*** Opening Data ***

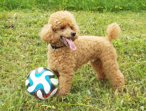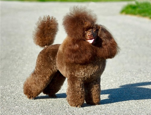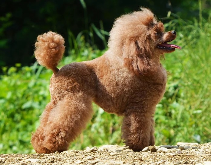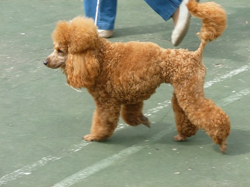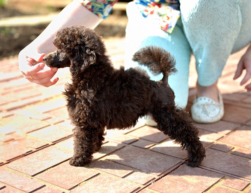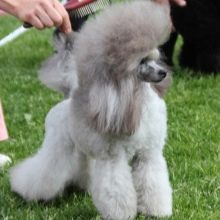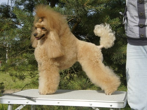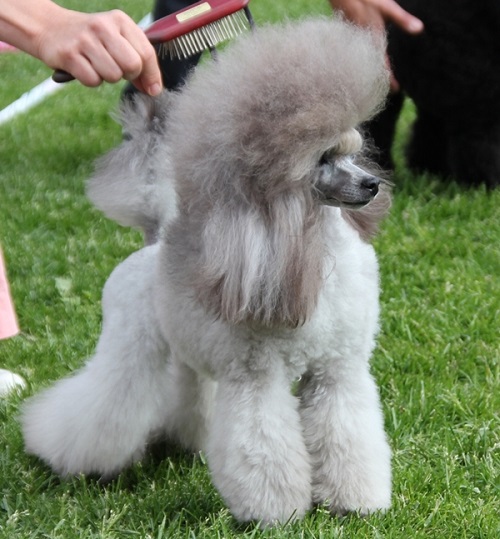 There is a standard toy poodle for exhibitions.
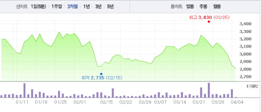 5일 오전 9시18분 현재 MPK는 전일 대비 1.4%(40원) 하락한 2810원에 거래되고 있다. 전날에도 MPK의 주가는 4.36%의 하락폭을 기록했다.
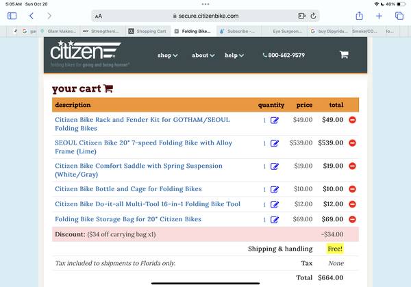 Citizen Bike Rack and Fender Kit for GOTHAM/ SEOUL Folding Bikes x 1- $49.00 (Optional- can be removed)
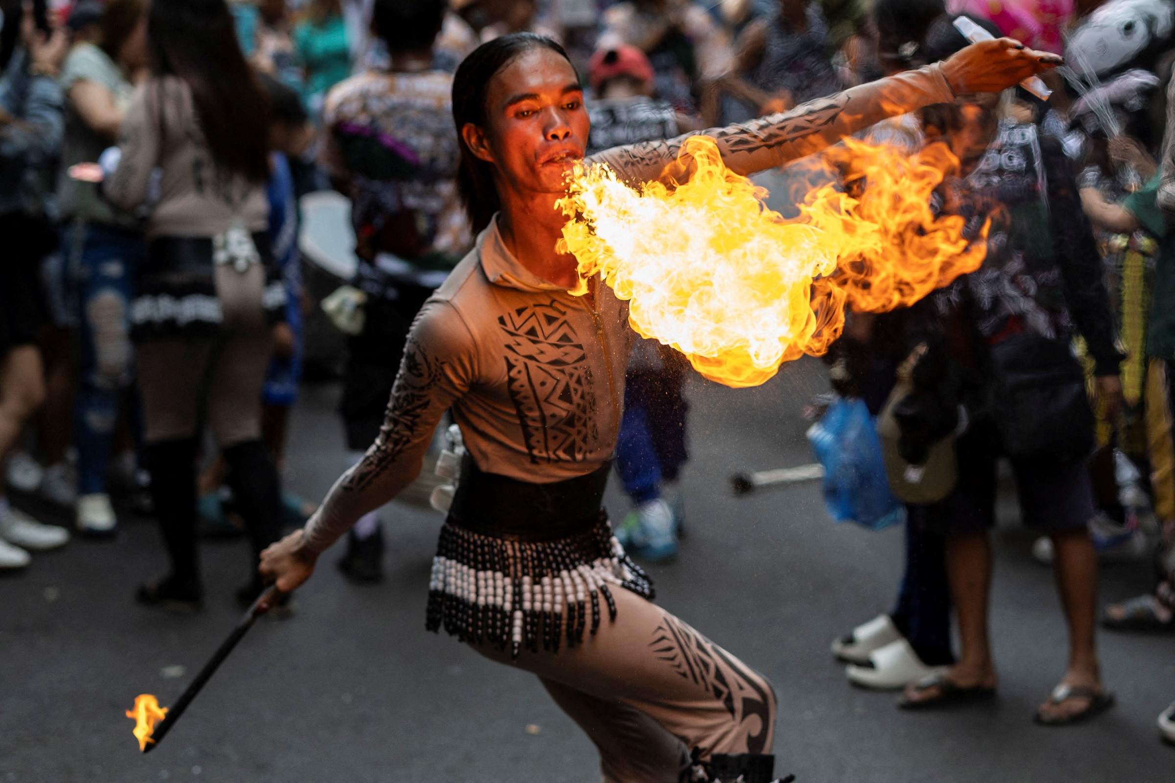 A dancer blows fire during Lunar New Year celebrations in Binondo, Manila, Philippines, on January 29, 2025. (Photo by Eloisa Lopez/Reuters)
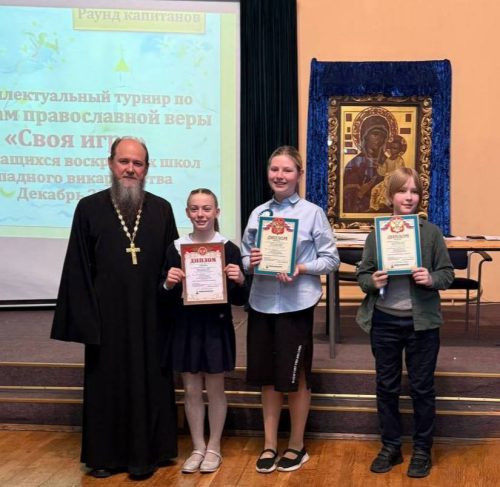 Все участники турнира «Своя игра» получили грамоты и подарки, директорам и педагогам воскресных школ были вручены православные календари на будущий год.
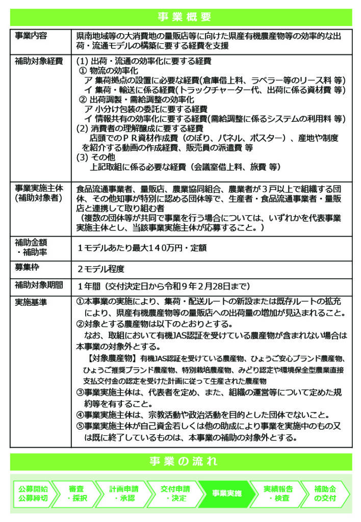 兵庫県産有機農産物等の出口戦略として、出荷にかかる労力やコストの削減、販路拡大を推進するため、県南地域等の大消費地の量販店等に向けた効率的な出荷・流通モデルの構築を支援する公募型の補助事業です。
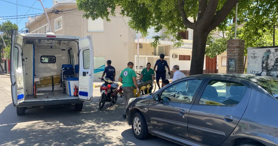 Un motociclista de 36 años sufrió lesiones luego de impactar contra un automóvil en la intersección de Pellegrini y Perú, en la siesta de este viernes.

*** Closing Data ***

> [Activity]: Return the data exactly. Pictures stay out.

> [Task answer]:
 There is a standard toy poodle for exhibitions.
 5일 오전 9시18분 현재 MPK는 전일 대비 1.4%(40원) 하락한 2810원에 거래되고 있다. 전날에도 MPK의 주가는 4.36%의 하락폭을 기록했다.
 Citizen Bike Rack and Fender Kit for GOTHAM/ SEOUL Folding Bikes x 1- $49.00 (Optional- can be removed)
 A dancer blows fire during Lunar New Year celebrations in Binondo, Manila, Philippines, on January 29, 2025. (Photo by Eloisa Lopez/Reuters)
 Все участники турнира «Своя игра» получили грамоты и подарки, директорам и педагогам воскресных школ были вручены православные календари на будущий год.
 兵庫県産有機農産物等の出口戦略として、出荷にかかる労力やコストの削減、販路拡大を推進するため、県南地域等の大消費地の量販店等に向けた効率的な出荷・流通モデルの構築を支援する公募型の補助事業です。
 Un motociclista de 36 años sufrió lesiones luego de impactar contra un automóvil en la intersección de Pellegrini y Perú, en la siesta de este viernes.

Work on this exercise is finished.